L’appareil d’aquamation acquise par le propriétaire du salon funéraire Le Sieur de Graby, Éric Le Sieur

«Les gens sont encore peu informés», explique le thanatologue et responsable de la Corporation des cimetières catholiques de Chicoutimi, Martin Taché.

L’organisation du cimetière de Saint-Honoré a récemment fait un virage vert. Il propose depuis l’été 400 emplacements écologiques. Seulement six ont été réservés et un seul pour un cercueil sans clou, sans teinture et en jute à l’intérieur, confirme Martin Taché. Selon lui, «le manque de visibilité expliquerait cette lente progression».

Au cours de la dernière année, les Résidences funéraires Gravel et Fils n’ont eu à remplir pour leur part qu’une seule demande d’enterrement d’un corps écologique. Pourtant, ils répondent à plus de 800 familles chaque année.

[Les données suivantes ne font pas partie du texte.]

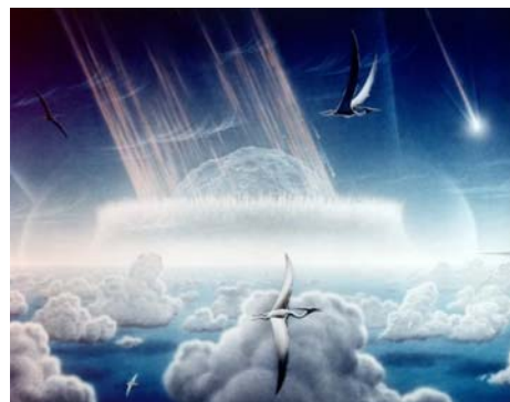
图：一个直径二十五公里（如同中等城市大小）的小行星，以每秒三十公里的速度撞向地球，造成了史前文明的毁灭和地球上的一次史前物种大灭绝。

一个平静的早晨，人们刚刚从沉睡中苏醒，天空中翼龙展开近十米的翅膀带着刺耳的鸣叫扑向它的猎物。热带阔叶林中一支剑龙带着它的幼子在水边安静地喝着水，不远处一只霸王龙贪婪地盯着剑龙母子。忽然远处天空传来一种巨大、特别的声音，林中所有恐龙都竖起了耳朵朝向声音传来的方向，人们惊愕地抬头望向天边：一个直径二十五公里（如同中等城市大小）的小行星，以每秒三十公里的速度撞向地球，造成了史前文明的毁灭和地球上的一次史前物种大灭绝。
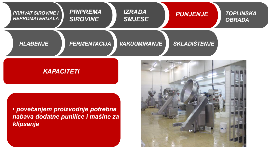
Slika 3.3 Opis proizvodnog procesa - punjenje [7]
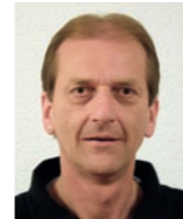
B. Vogelsanger Bachenbülach

Montag bis Freitag: 08.00 bis 18.30 Uhr durchgehend Samstag: 08.00 bis 17.00 Uhr durchgehend
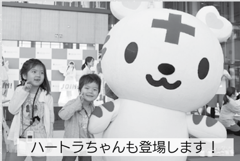
ハートラちゃんも登場します！

9月1日は「防災の日」です。平時における日本赤十字社秋田県支部の防災・減災への取り組みを紹介し、県民の皆様へ理解を深めていただくことを目的として開催されます。
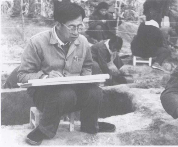
1980年在河南温县东周盟誓遗址发掘工地绘图
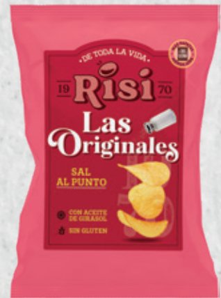
Patatas Originales Sal al Punto 40 g
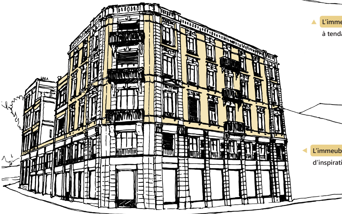
◀ L'immeuble bourgeois d'inspiration néoclassique
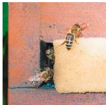
Abb.3: Korrekt eingegengtes Flugloch eines frisch gebildeten Ablegers und danach weiselrichtigen Jungvolkes bis Oktober.
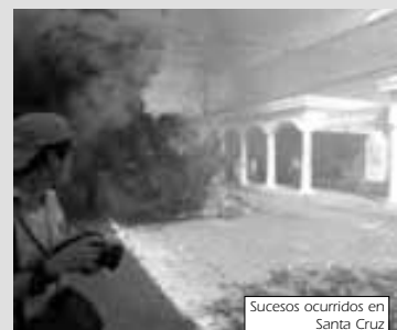
Sucesos ocurridos en Santa Cruz

Frente a este escenario tan evidente, ¿Será que estos grupos han perdido el norte y que carentes de ideas apelan simplemente a desplegar recursos violentos que no condicen con los conceptos de desarrollo y progreso que lo manejan muy bien en el plano retórico y lírico?

«Il est toutefois important d’apporter une nuance. Il n’y a que 6-7% des gens qui vont vers un enterrement traditionnel. Les gens optent donc en grande majorité pour la crémation traditionnelle» précise la directrice générale des Résidences funéraires Gravel et Fils, Kathie Gravel

La crémation reste une solution extrêmement polluante. Selon une étude réalisée en 2011, par des étudiants à la maîtrise de l’École de technologie supérieure et de l’École Polytechnique à la demande de la Fédération des coopératives funéraires du Québec, on apprend que «les étapes autour de la combustion du corps et du gaz naturel libèrent 762 kg de CO2 (environ un vol aller-retour Montréal-Paris)». Il y a eu des améliorations depuis, mais cette méthode continue de soulever d’importants problèmes.

Alternative

Au salon funéraire Le Sieur de Granby, le propriétaire Éric Le Sieur s’est muni, il y a quelques années, d’un équipement pour procéder à l’aquamation. Le processus est simple, il suffit de plonger le corps dans une cabine qui sera remplie d’une solution de sodium et de potassium avec 300 litres d’eau à 96 degrés Celsius. «Le résultat serait le même que la crémation traditionnelle, mais écologique», assure-t-il.

«C’est assurément un processus d’avenir! Par contre, le délai est très long comparativement à la crémation traditionnelle et il y a peu de demandes pour l’instant. La technologie s’améliorera», conclut Kathie Gravel.